The court is required to make a holistic value judgment in the exercise of a discretionary power of a very general kind: Kardos v Sarbutt (2006) NSWCA 11 at 36. The Relationships Act, s40, has its equivalent in the Family Law Act 1975 (Cth), s79. As counsel for the applicant pointed out, guidance as to the approach to an application for an order adjusting property interests can be found in decisions under the Family Law Act. In particular, he referred to the following passage contained in the judgment of the Full Court in Hickey v Hickey [2003] FLC 93–143 at 39:
"The case law reveals that there is a preferred approach to the determination of an application brought pursuant to the provisions of s79. That approach involves four inter-related steps. Firstly, the Court should make findings as to the identity and value of the property, liabilities and financial resources of the parties at the date of the hearing. Secondly, the Court should identify and assess the contributions of the parties within the meaning of ss79(4)(a), (b) and (c) and determine the contribution based entitlements of the parties expressed as a percentage of the net value of the property of the parties. Thirdly, the Court should identify and assess the relevant matters referred to in ss79(4)(d), (e), (f) and (g), ('the other factors') including, because of s79(4)(e), the matters referred to in s75(2) so far as they are relevant and determine the adjustment (if any) that should be made to the contribution based entitlements of the parties established at step two. Fourthly, the Court should consider the effect of those findings and determination and resolve what order is just and equitable in all the circumstances of the case: Lee Steere and Lee Steere (1985) FLC 91-626; Ferraro and Ferraro (1993) FLC 92-35; Davut and Raif (1994) FLC 92-503; Prpic and Prpic (1995) FLC 92-574; Clauson and Clauson(1995 FLC 92-595; Townsend and Townsend (1995) FLC 92-569; Biltoft and Biltoft (1995)FLC 92-614; McLay and McLay (1996) FLC 92-667; JEJ and DDF (2001) FLC 93-075 and Phillips and Phillips (2002) FLC 93-104."

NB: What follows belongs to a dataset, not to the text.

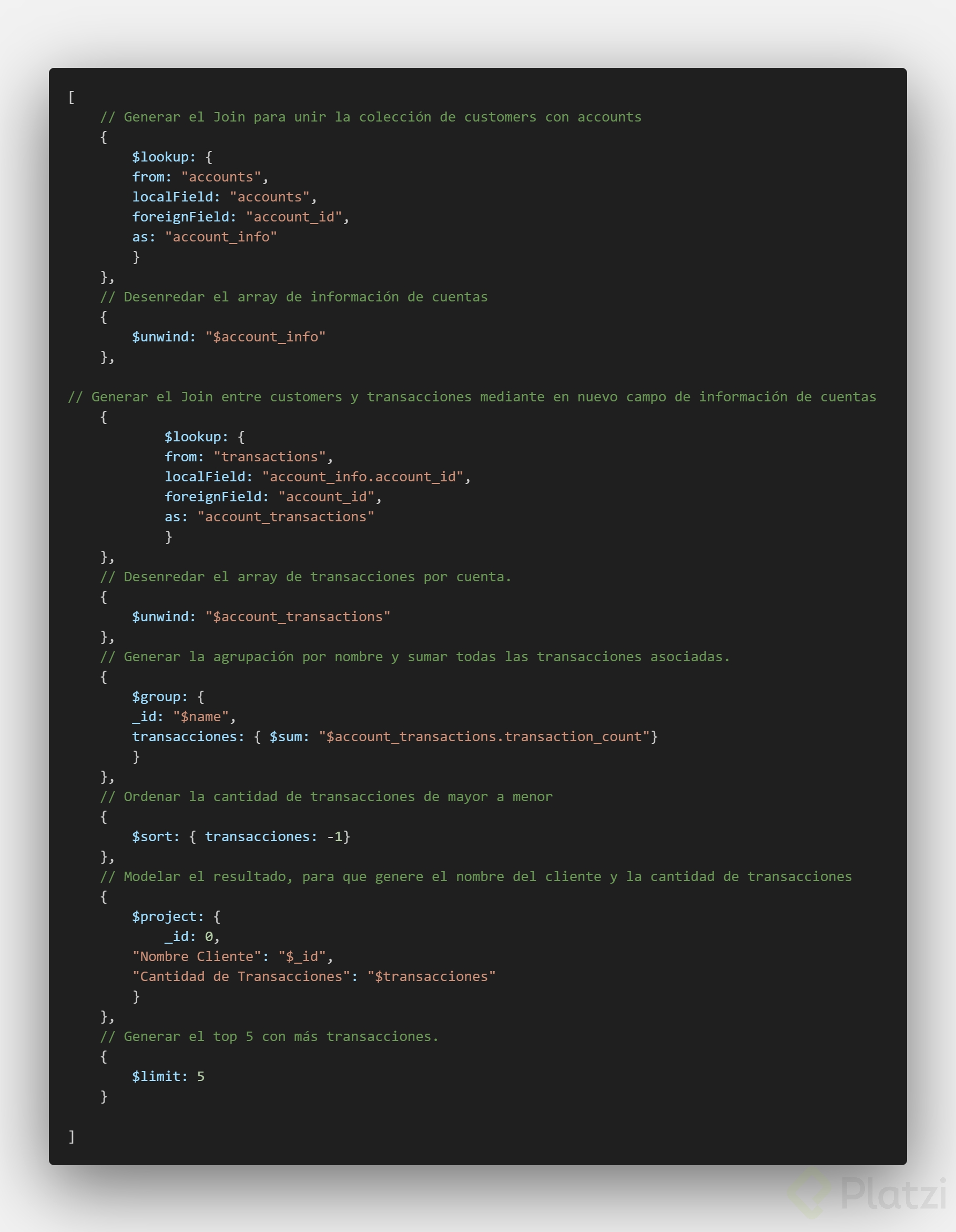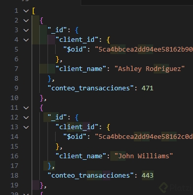 Finalmente, usamos $project para formatear cómo queremos que se presenten los resultados, enfocándonos en el nombre del cliente y el total de transacciones:

In considering whether the adjustment sought by the applicant is just and equitable, I take into account the applicant's contributions to the acquisition, conservation and improvement of the house. She Contributed $4,000 to the repayment of the purchase price and about $7,000 to maintenance and improvement. She was by far the major contributor as homemaker. Even assuming that the respondent was the major contributor to the reduction of the loan from his father, I assess the applicant's contributions as being at least equal to those of the respondent. In addition, I take into account that the applicant has made, by far, the major contribution to the family as parent. I also take into account that she suffers from chronic arthritis and is dependent upon a disability pension for her income. She has no savings and her only asset is a car worth about $2,000. She has had the custody of the couple's two children since January 2005. The relationship was lengthy. It is just and equitable that she should have 60% of the net equity in the home. As I have said, based upon the valuation and the respondent's February 2009 financial statement, the net equity is $142,000. 60% of this, rounded off, is $85,000. The respondent did not appear at the hearing to oppose the applicant's claim for a payment to her of $85,000. The application for the payment should be granted.
These are the orders:
(1) The applicant has leave to bring the application.

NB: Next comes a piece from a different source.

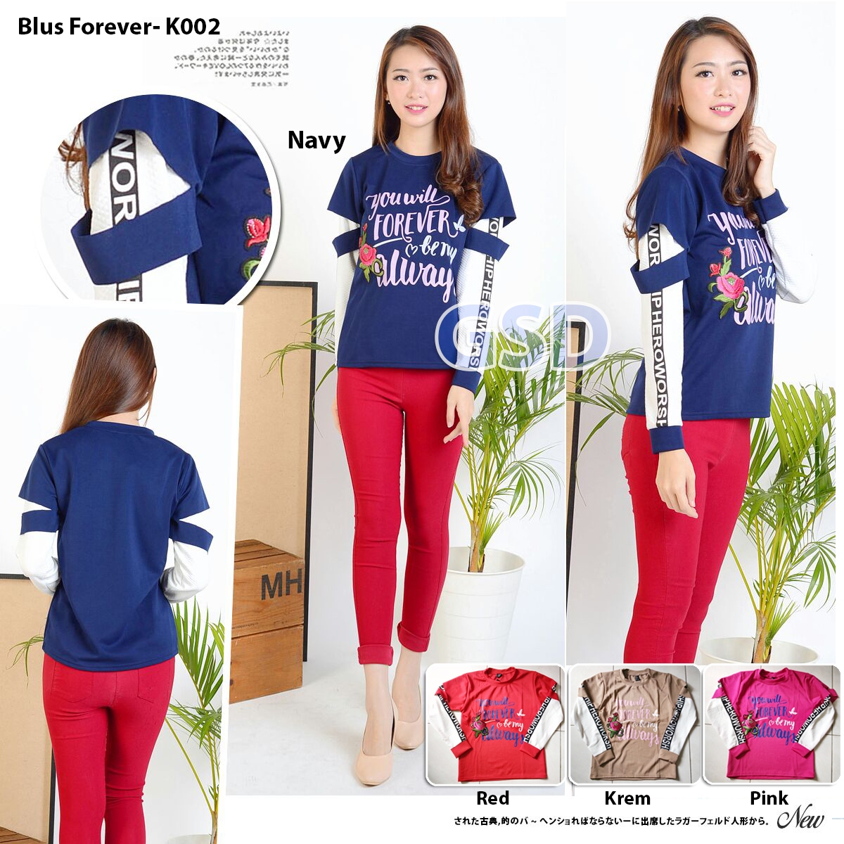 Blus forever@45rb seri 4pcs ecer 50rb bahan kaos Ld86cm Pjg53cm fit M (400gr)

(2) Within 28 days the respondent is to pay to the applicant the sum of $85,000.
(3)In the event that the sum of $85,000 is not paid within 28 days the property at 32 Booth Street, Dunalley, is to be sold in order to raise the necessary funds to enable the respondent to make the payment.
(4)The applicant has liberty to apply for such orders and directions as may be necessary or convenient to effect the sale of the property and the payment to her of the sum of $85,000 including orders requiring the respondent to give vacant possession during the marketing process and authorising an officer of the court to execute all such deeds and instruments in the name of the respondent as may be appropriate.
I will hear any application for an order as to the costs of the proceedings on notice to the respondent.